### Task to complete
Please set down the lines of the listing exactly, from its first line to the line with "Vintage Synthetic Pink", leaving the pictures out.

### Material provided
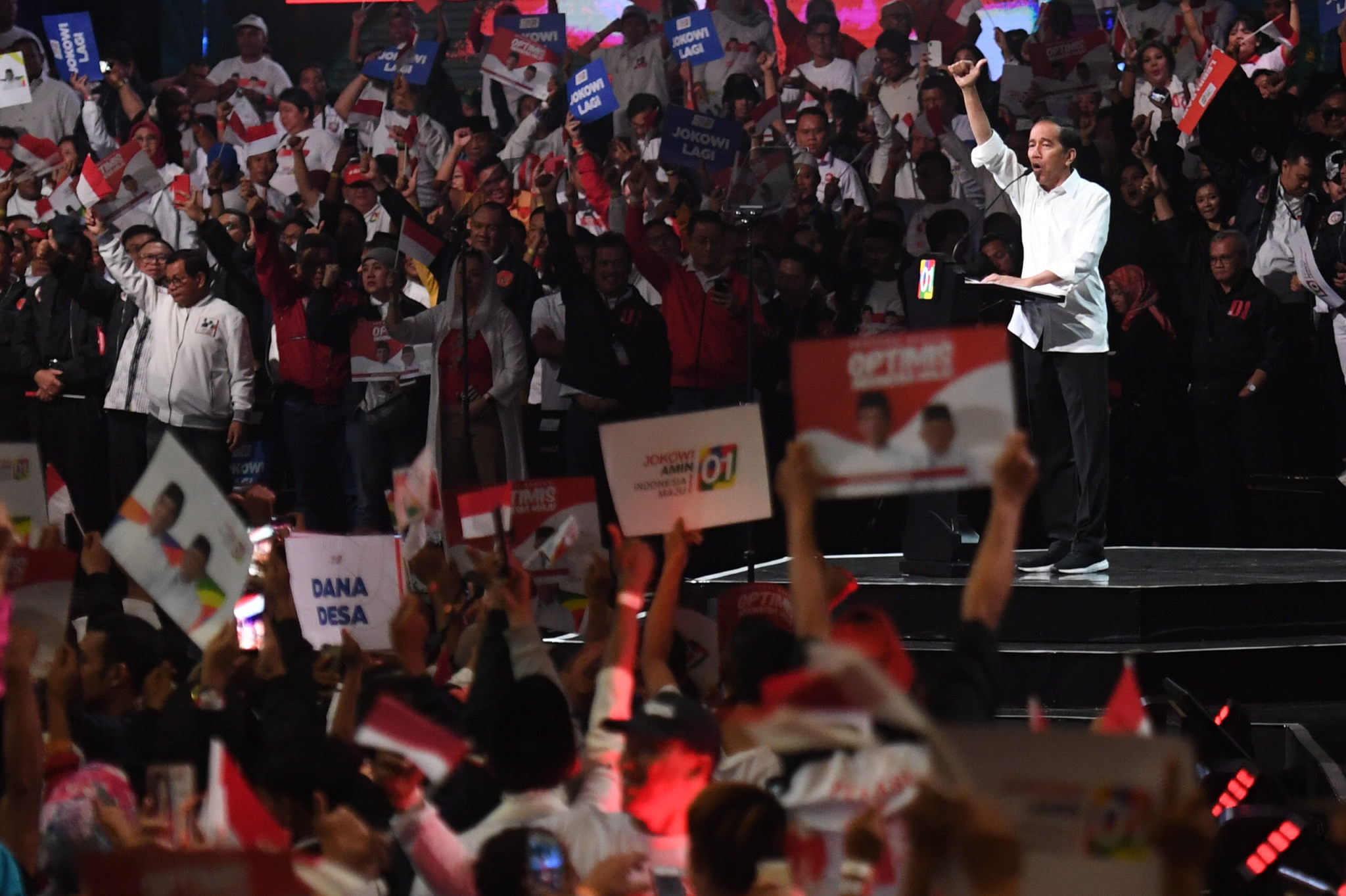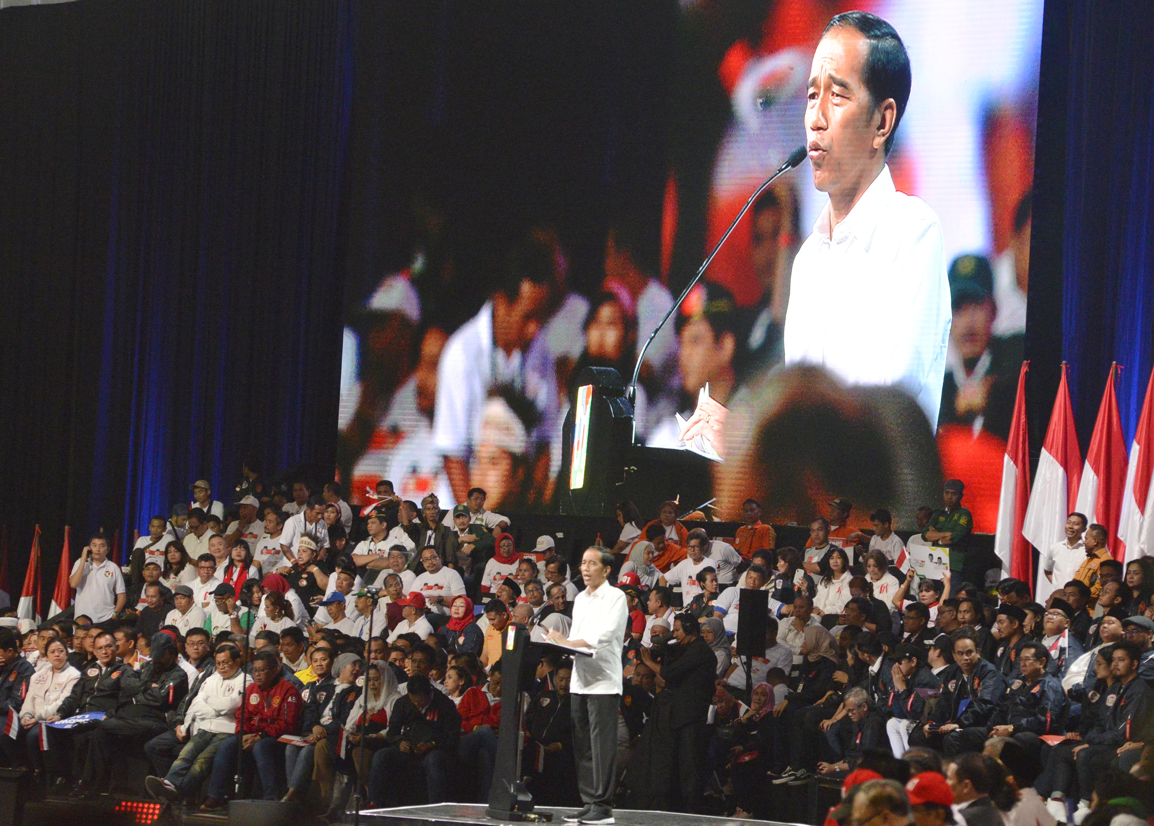DENGAN mengenakan kemeja putih ciri khasnya, calon presiden Joko Widodo menyapa sekitar 30 ribu relawan dari seluruh Indonesia yang menghadiri Konvensi Rakyat di Sentul International Convention Center, Bogor, Jawa Barat, tadi malam.
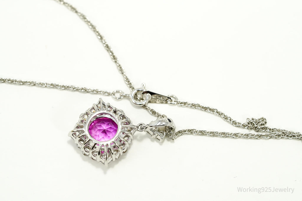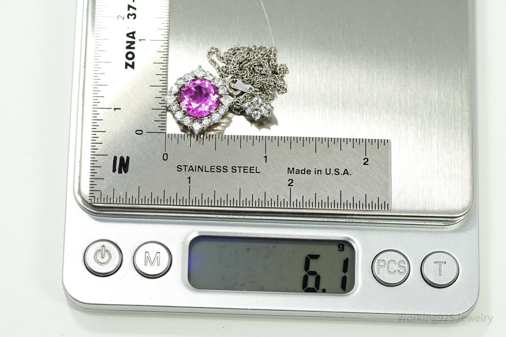 Vintage Synthetic Pink Sapphire & Cubic Zirconia Sterling Silver Necklace 18"
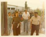 | El padre Jorge García Villarreal al lado de la señora Paloma Cordero de de la Madrid, entrando a la "Casa Hogar de los Pequeños" en Saltillo, Coahuila. Atrás unos guardaespaldas. Al fondo un grupo de personas y unas construcciones. |
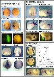 Figure 1. Msx1, Pax3, and Slug Expression in the Presumptive Neural Crest Domain and Msx1 Neural Crest-Inducing Activity In Vivo and in Explants(A) Msx1 (aâd) and Pax3 (aâ²âdâ²) expression in X. laevis at stages 11 (a and aâ²), 13 (b and bâ²), and 16 (câdâ²) costained with Krox20 (dâdâ², indicates third rhombomere). Arrows in aâaâ² indicate the blastopore lips at stage 11. aâaâ², lateral views; bâdâ², dorsal views.(B) Coexpression of Msx1 and Slug by double ISH (Msx1 [blue]; Slug [red]; a; b, dorsal views; aâ²âbâ², transverse sections).(C) Msx1 mRNA was injected in one blastomere at the four cell stage, LacZ is revealed in pink (yellow arrow points at injected side). The embryos were analyzed at early (stage 13, a, c, e, and g) or late (stage 16, b, d, f, and h) neurula stages by ISH for Slug (a and b), Pax3 (c and d), Twist (e and f), and Sox2 (g and h) (red bar, uninjected neural plate half; yellow bar, width of the neural plate on the injected side). Dorsal views.(DâF) RT-PCR analysis of neural, ectoderm and early NC markers: Pax3 and ZicR1 (D); AP-2, Snail, and Slug (E); FoxD3, Pax3, Zic5, and Sox9 (F) after coinjection of Msx1 and Noggin. (D) Lane 4, Noggin (25 pg); lane 5, Msx1 (500 pg); lane 6, Msx1 (500 pg) + Noggin (25pg). (E) Lane 4, Noggin (25 pg); lane 5, Msx1 (100 pg); lane 6, Msx1 (500 pg); lane 7, Msx1 (100 pg) + Noggin (25 pg); lane 8, Msx1 (500 pg) + Noggin (25 pg). (F) Lanes 1â4, as in (E). Lanes 5â7, Msx1 (100â250â500 pg). Lanes 8â10, Noggin (25 pg) + Msx1 mRNA (100â250â500 pg).
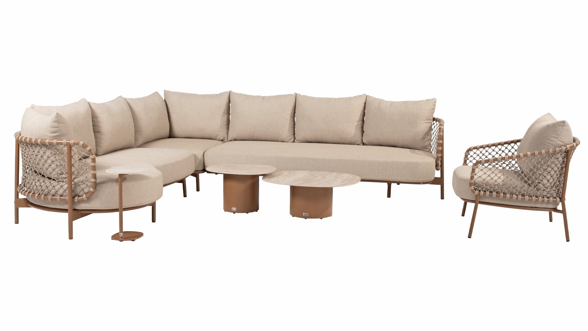Experience timeless luxury with the Martinique lounge set from 4 Seasons Outdoor. The striking knotted rope design gives a playful yet refined character, while the amber-colored frame adds warmth and ambiance to your garden or terrace. This set is perfect for those seeking a combination of style and comfort.
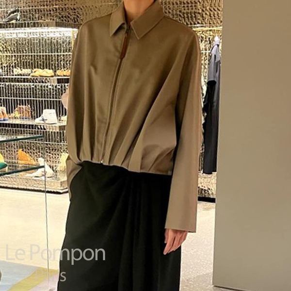 ライトウェイトのコットンとシルクツイルを採用した撥水仕様のジャケット。バルーンシルエットとバックにハンドギャザーを寄せたアシンメトリーなドレープが特徴です
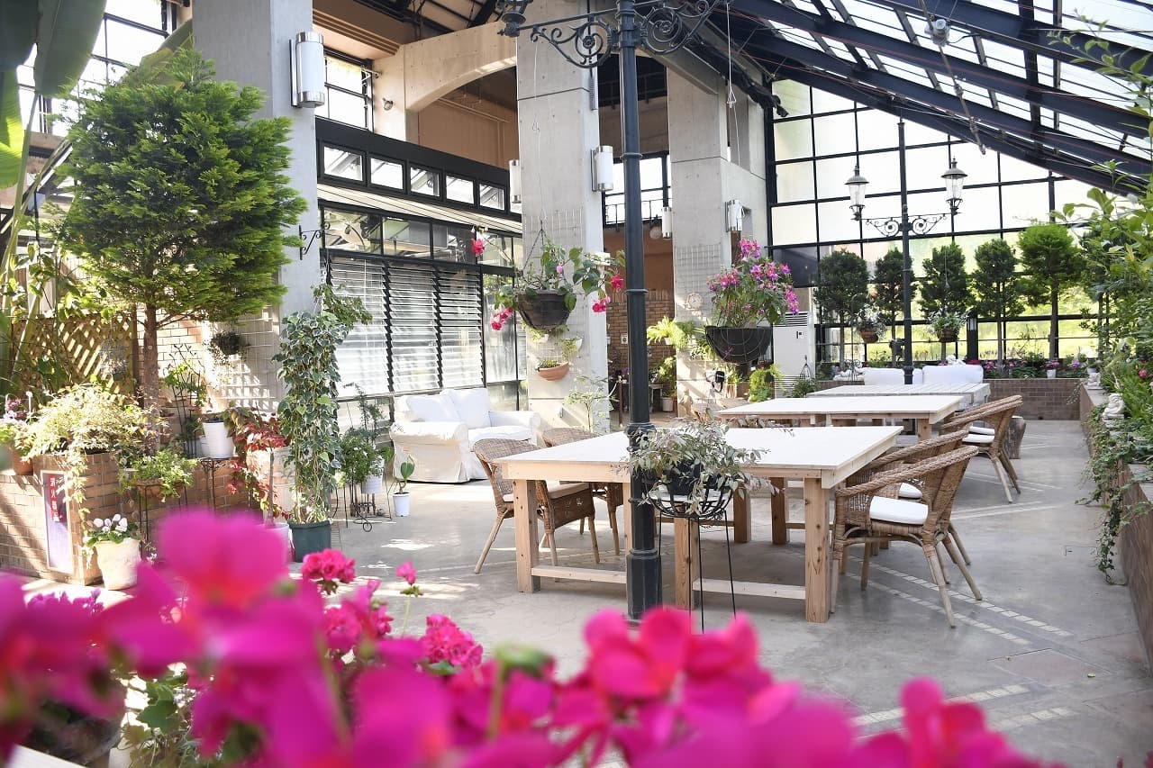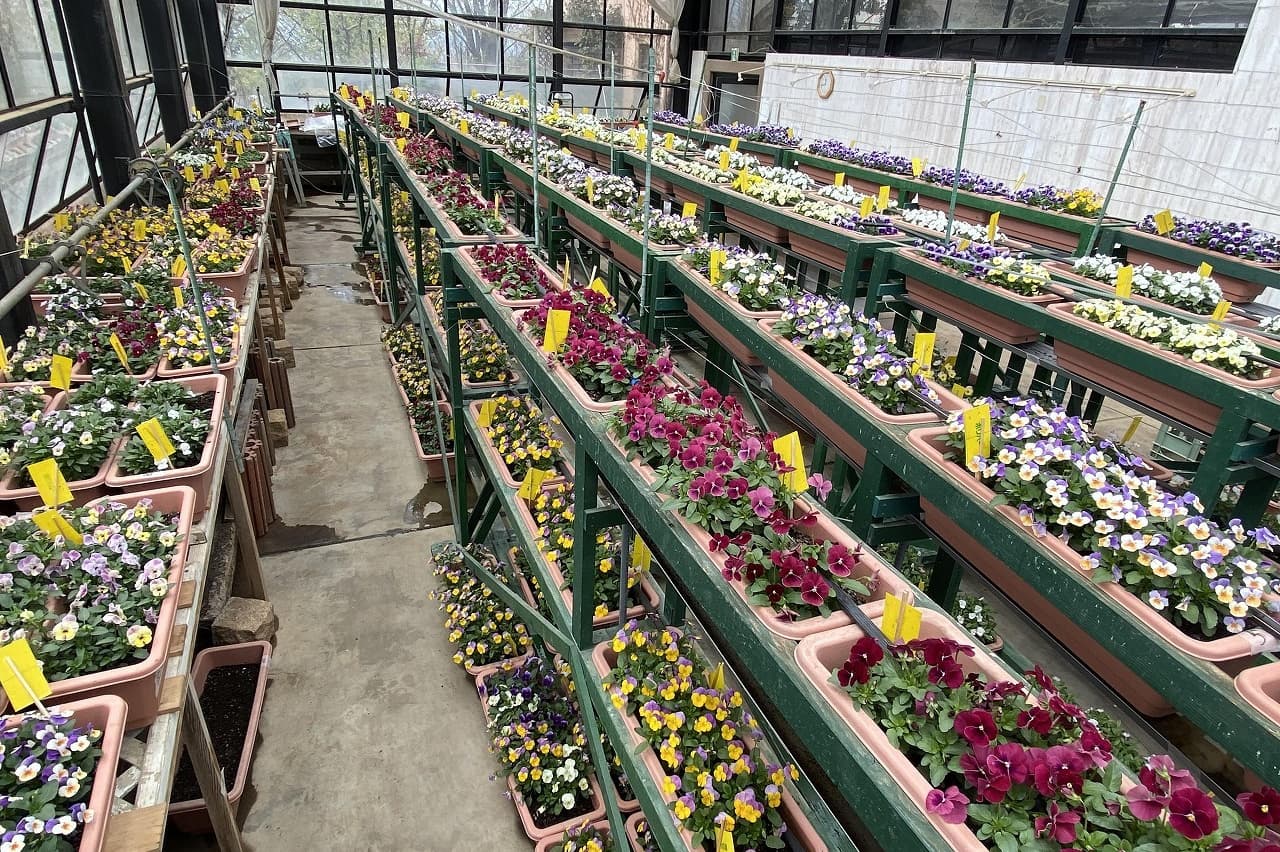 ハイジの村 園内にあるエディブルフラワーの温室では、桔梗屋で製造・販売するお菓子や、レストランで使用するエディブルフラワー(食べられるお花)を栽培しており、実際に見学することもできます。
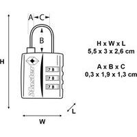 Intitulé du produit | Cadenas à combinaison simili-cuir 4692EUR, Anse Ø: 3 mm, Nb de molettes: 3, Longueur: 59 mm, Hauteur: 2.2 cm |
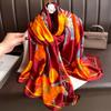 Lijin Wrought Long Scarf Oil Painting Flower Print Long Silk Scarf Spring and Autumn Premium Feeling Scarf
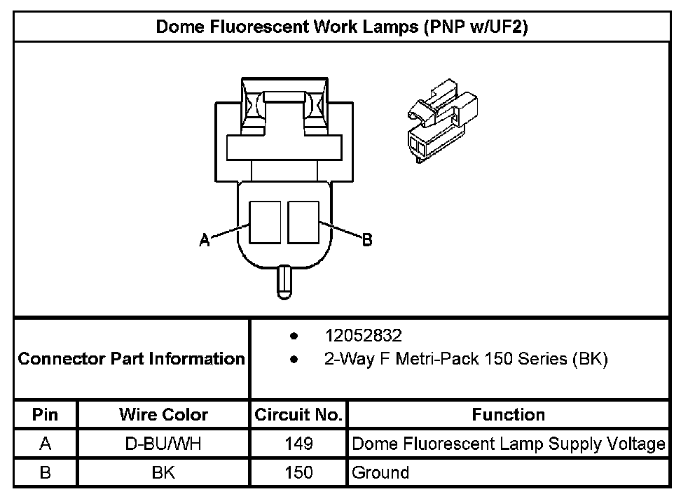 Dome Fluorescent Work Lamps (PNP With RPO Code UF2):
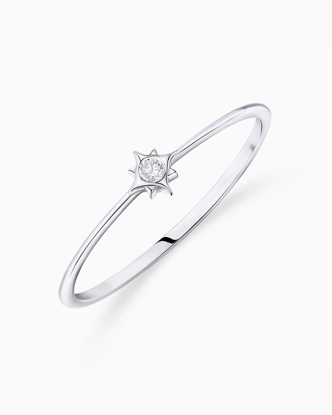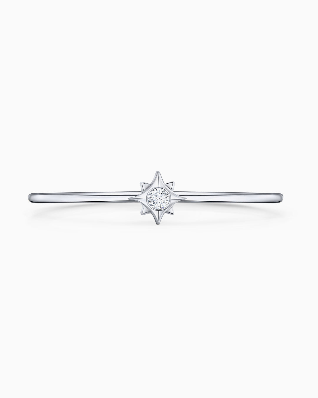 Anel Petit Compass Rose com diamante central feito em ouro branco 18 quilates. Inspirada na tradi...

### Expected answer
DENGAN mengenakan kemeja putih ciri khasnya, calon presiden Joko Widodo menyapa sekitar 30 ribu relawan dari seluruh Indonesia yang menghadiri Konvensi Rakyat di Sentul International Convention Center, Bogor, Jawa Barat, tadi malam.
 Vintage Synthetic Pink Sapphire & Cubic Zirconia Sterling Silver Necklace 18"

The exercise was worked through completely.